Set down the records exactly, and omit any image found in them.

Data extracted from a collection

◇ ◇ ◇

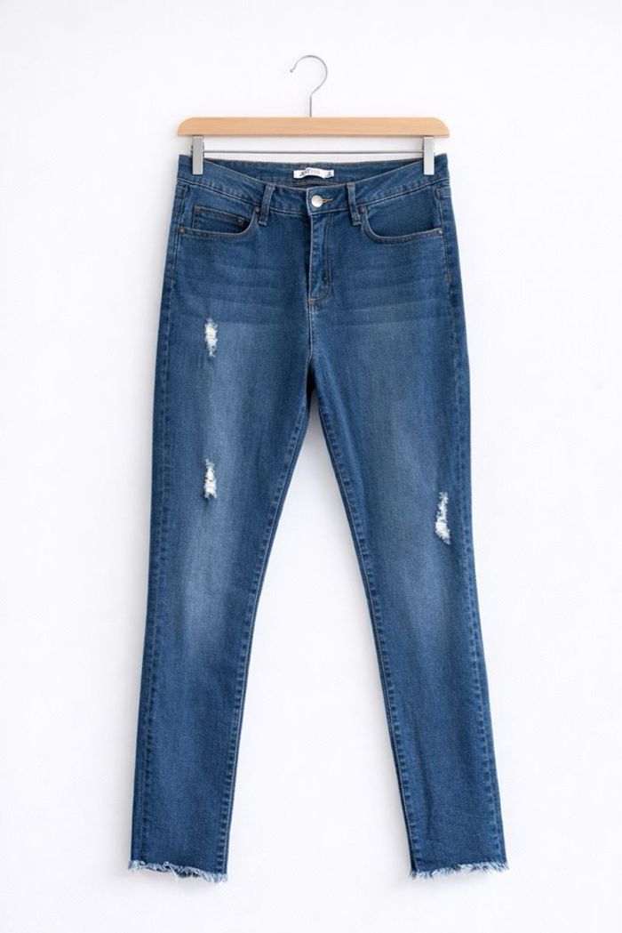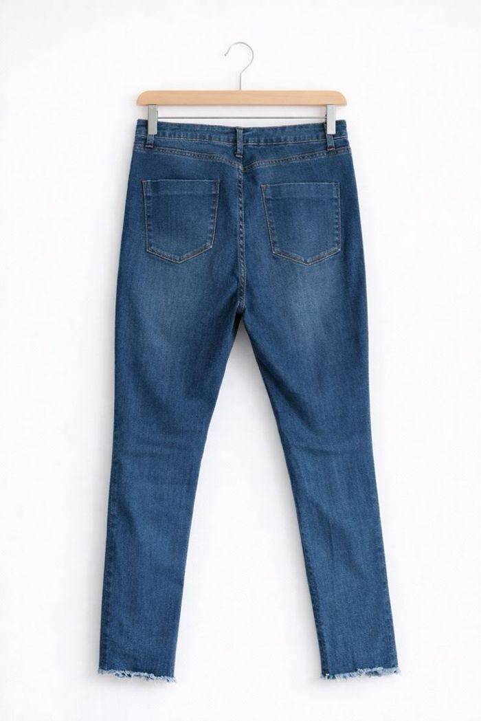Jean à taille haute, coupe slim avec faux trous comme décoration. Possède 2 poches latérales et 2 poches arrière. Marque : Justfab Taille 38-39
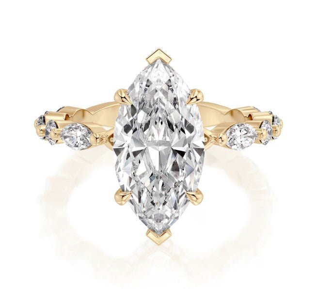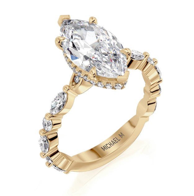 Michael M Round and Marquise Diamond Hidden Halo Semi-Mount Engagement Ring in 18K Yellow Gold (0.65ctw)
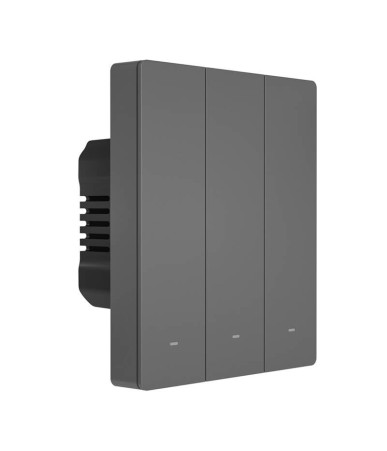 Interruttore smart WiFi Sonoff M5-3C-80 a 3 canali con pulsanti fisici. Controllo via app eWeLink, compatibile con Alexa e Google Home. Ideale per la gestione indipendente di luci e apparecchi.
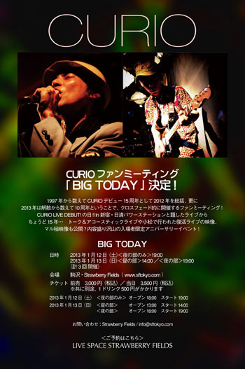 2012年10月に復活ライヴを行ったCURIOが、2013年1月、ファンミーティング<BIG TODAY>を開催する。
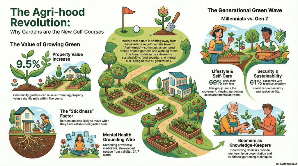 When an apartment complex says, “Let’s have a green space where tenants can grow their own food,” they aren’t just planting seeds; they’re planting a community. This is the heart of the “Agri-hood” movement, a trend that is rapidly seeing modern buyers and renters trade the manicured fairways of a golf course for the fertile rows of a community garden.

◇ ◇ ◇

▶ _OUTPUT FOR THIS EXERCISE_
Jean à taille haute, coupe slim avec faux trous comme décoration. Possède 2 poches latérales et 2 poches arrière. Marque : Justfab Taille 38-39
 Michael M Round and Marquise Diamond Hidden Halo Semi-Mount Engagement Ring in 18K Yellow Gold (0.65ctw)
 Interruttore smart WiFi Sonoff M5-3C-80 a 3 canali con pulsanti fisici. Controllo via app eWeLink, compatibile con Alexa e Google Home. Ideale per la gestione indipendente di luci e apparecchi.
 2012年10月に復活ライヴを行ったCURIOが、2013年1月、ファンミーティング<BIG TODAY>を開催する。
 When an apartment complex says, “Let’s have a green space where tenants can grow their own food,” they aren’t just planting seeds; they’re planting a community. This is the heart of the “Agri-hood” movement, a trend that is rapidly seeing modern buyers and renters trade the manicured fairways of a golf course for the fertile rows of a community garden.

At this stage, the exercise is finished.